The head of state has also prioritized technology in his vision of "Making Indonesia 4.0" : a project to boost the competitiveness of the manufacturing industry in the country.

Jokowi is clearly on board with a nation that uses tech and startups to solve its problems: he was recently quoted as stating that all the impossible can be pursued with science, technology, and innovation.

Network of startup support and events - Indonesia is not only home to a chapter of The Founder Institute, the Silicon Valley accelerator founded by Adeo Ressi and Jonathan Greechen, but also startup accelerators GnB Accelerator and SKALA, which boast a number of successful investments and offer mentorships and partnerships as well as seed capital.

It’s also no secret that Bali is one of the biggest digital nomad hotspots in Southeast Asia. The island province, which is home to 4.2 million people, has in recent years become a hub of startup activity.
Bali records a growing number of great coworking spaces and regular events that focus on entrepreneurship, tech and innovation, led by industry leaders. The island is also host to the world’s largest remote work conference, Running Remote - which provides education and tools for professionals to succeed in the future of remote work.

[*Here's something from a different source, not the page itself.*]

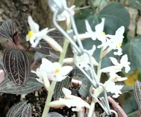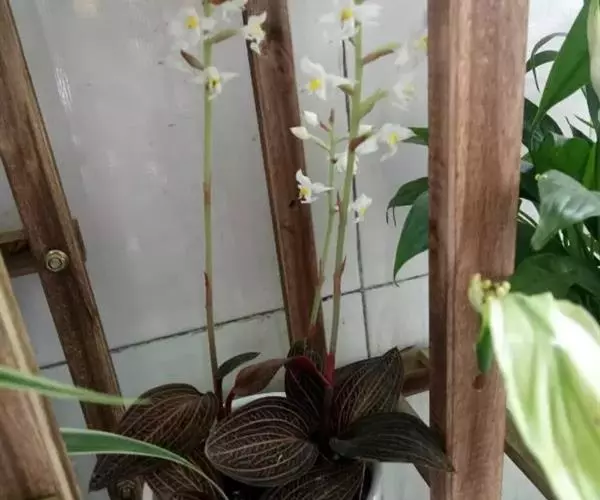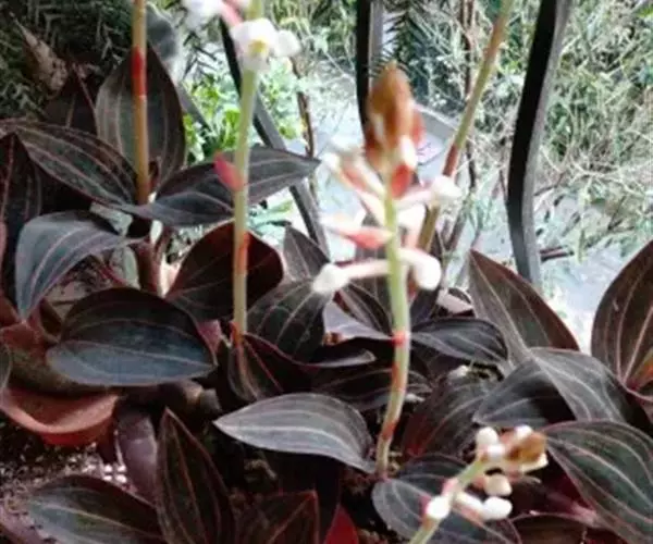 血叶兰(学名:Ludisia discolor (Ker-Gawl.) A. Rich.):植株高10-25厘米。根状茎伸长,匍匐,具节。茎直立,在近基部具3-4枚叶。叶片卵形或卵状长圆形,上面黑绿色,具5条金红色有光泽的脉,背面淡红色;叶之上的茎上具2-3枚淡红色的鞘状苞片。总状花序顶生,具几朵至10余朵花;花白色或带淡红色,直径约7毫米;花瓣近半卵形,长8-9毫米,宽2-2.2毫米,先端钝。花期2-4月。

Looking to the future - While technology and innovation are clearly playing a key role in driving the growth of Indonesia‘s economy and offering a wealth of opportunities for young people across the country, there is still a lot of progress to be made.

Indonesia is marking its position as a powerhouse in Asia, however it still lags far behind neighboring countries such as Singapore and Malaysia, both of which are ahead of Indonesia in not only their economies but also their startup infrastructures.
Yet while it’s important to note that startup culture is still comparatively new in Indonesia compared to other parts of the world, the country has shown it is prepared to back innovation.
Thanks to the increased attention from foreign investors and emerging flurry of startup organizations, along with an ever-expanding talent pool of young, tech-savvy potential founders and employees, the nation has the opportunity to be a key spot on the global startup map for many years to come.